We had all of the political parties, which existed among Jews at that time. Our town had a small lake and a beautiful larger lake, where the young people would bathe and sun themselves on the shore. In the quiet Pine woods, with which our town was surrounded, our young people would spend their free time, enjoy the good fresh air, and dream their youthful dreams. On the north side of our town there was a courtyard with a park. From the courtyard there led a path which was called the “hinter courtyard”. This was the “lover's lane” where lovers would walk by the light of the moon and bright stars. On the bridge over the stream they would swear eternal love.

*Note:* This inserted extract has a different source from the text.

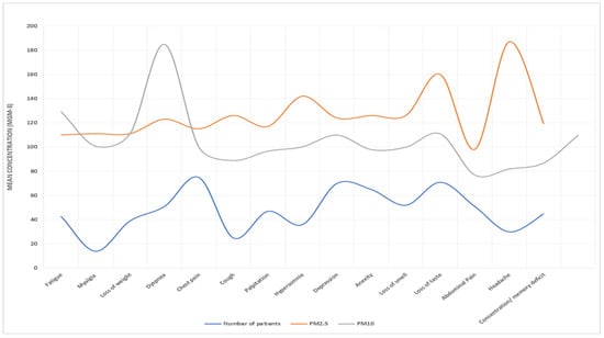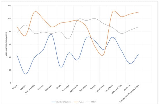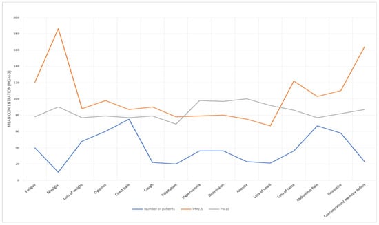 Furthermore, an analysis using data from the COVID Symptom Study app found that higher levels of air pollution, particularly PM2.5 and nitrogen oxides (NOx), were associated with an increased risk of long COVID symptoms, including fatigue, a cough, and anosmia []. Similarly, a study by in the United States observed a significant association between exposure to PM2.5 and increased odds of long COVID symptoms, particularly fatigue, shortness of breath, and impaired smell and taste []. The association between air pollution exposure and long COVID symptoms can be attributed to several mechanisms []. Air pollutants, such as PM2.5 and NO2, have been shown to induce oxidative stress, inflammation, and respiratory damage, each of which can exacerbate the effects of SARS-CoV-2 infection and prolong the recovery process [,]. Furthermore, air pollution can impair immune function and respiratory health, making individuals more susceptible to persistent symptoms following COVID-19 [].

These were two worlds, which were often in conflict, but still united.

How natural it was, when our fathers were celebrating the 3rd Sabbath meal in the House of Study or the “Shtiblech”, we would at the same time be promenading back and forth on Lubliner and Radomer Streets, conversing and flirting with our girlfriends. A Jewish town, a Jewish life, a Jewish Street, once – you were! Oh how close you are to me! You live in my heart, and in my heart you were not destroyed!

 

If He's a Jew – He is Abandoned!

The German hordes tore into our town on the 3rd day of the war and took the majority of the Jews into the garden surrounding the church. They sheared off the beards together with pieces of skin of our grandfathers and fathers. They forced us to do the most degrading and dirty work, in their effort to kill in the Jew – his humanity. The Fascist bandit did not distinguish between the observant and the free–thinkers. If he's a Jews – he's abandoned!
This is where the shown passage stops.